DD234545A5 - METHOD FOR REGULATING THE RELIABILITY OF QUICK-SEALED, AIR-COOLED TURBO-GENERATORS AND DEVICE FOR CARRYING OUT THIS METHOD - Google Patents

Abstract

The invention relates to a method for regulating the load capacity of high-speed, air-cooled turbo-generators with intensive direct Leiterkuehlung the rotor winding. According to the invention, when the load increases, the pressure of the cooling air is increased to an absolute pressure value of not more than 2 bar or, when the load between the atmospheric pressure and the specified maximum value falls, is set so that the temperature of the rotor winding remains constant. In the device used to carry out the method according to the invention, the turbogenerator has a tightly sealed inner space, an adjoining thereto Kreisluftkuehlsystem and an over compressors and a Luftbehaelter verfuegende Luftdosiervorrichtung. According to the invention contains the device in the inner space a pressure between 1.01 and 2 bar continuously regulating organ. Fig. 3

Description

Field of application of the invention

The invention relates to a method and a device for regulating the load capacity of high-speed, air-cooled turbo-generators.

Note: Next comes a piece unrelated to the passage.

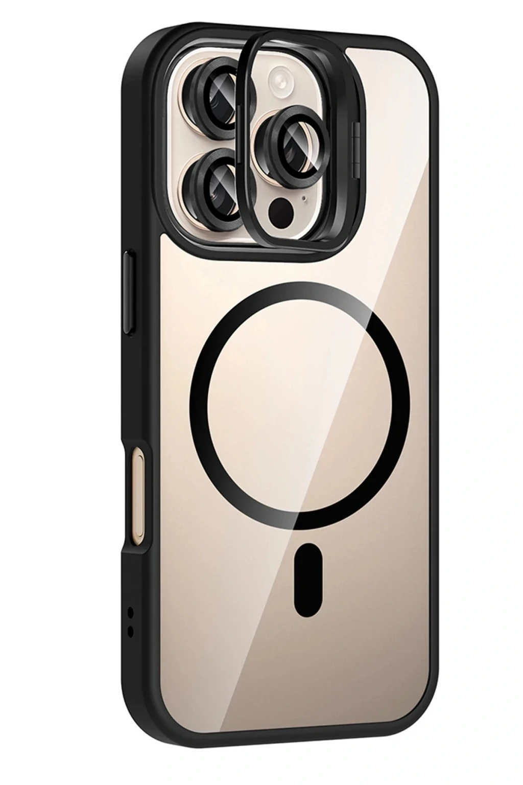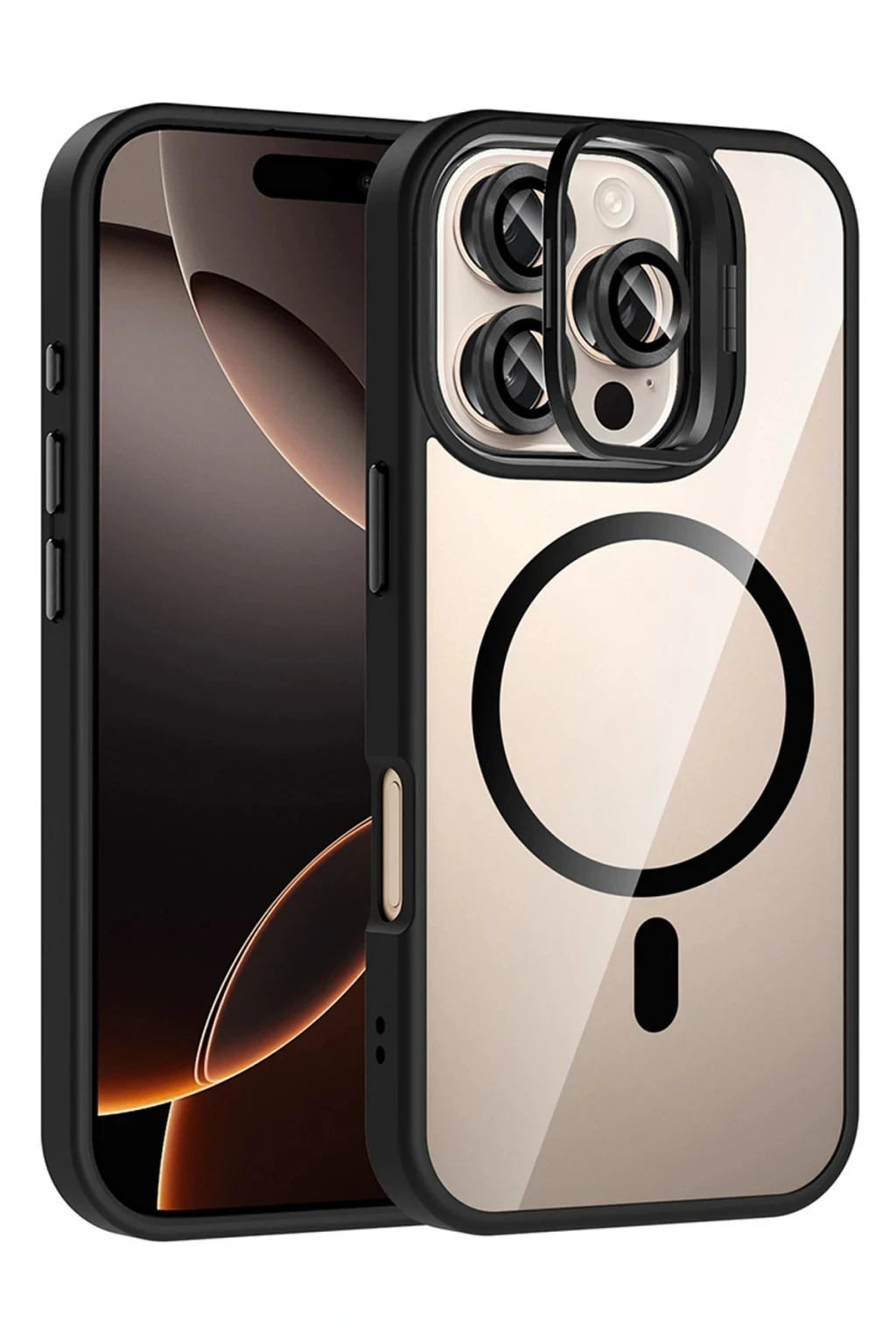 Apple iPhone 16 Pro Max Remim Lensli Magsafe Standlı Kapak - Siyah

Characteristic of the known technical solutions

It is known that the load capacity of high-speed, air-cooled turbogenerators, d. H. depends on synchronous speed running 2- or 4-pole electric generators as far as possible from the heating of the DC-powered windings of the rotor. In the so-called indirect cooling, the heat loss from the windings embedded in insulating material flows through the insulation and the surrounding iron material through the action of temperature jumps towards the exothermic surface, in this case towards the rotor shell where it is at the cost of a temperature jump on the cooling surface is delivered to the cooling air flowing in the air gap of the machine. The temperature jumps, together with the heating of the air forming the coolant, determine the overtemperature of the winding.

A known means for increasing the cooling intensity is the direct conductor cooling, in which the guided into the interior of the rotor cooling air comes into direct contact with the winding material to be cooled. Most of the temperature jumps required for transferring the heat loss to the cooling medium fall away, the overtemperature of the conductor is determined only by the temperature jump at the surface except for the heating of the coolant. In this way - the limit temperature set by the insulating materials remains unchanged - a greater energy loss is allowed, i. The machine is suitable for a larger load.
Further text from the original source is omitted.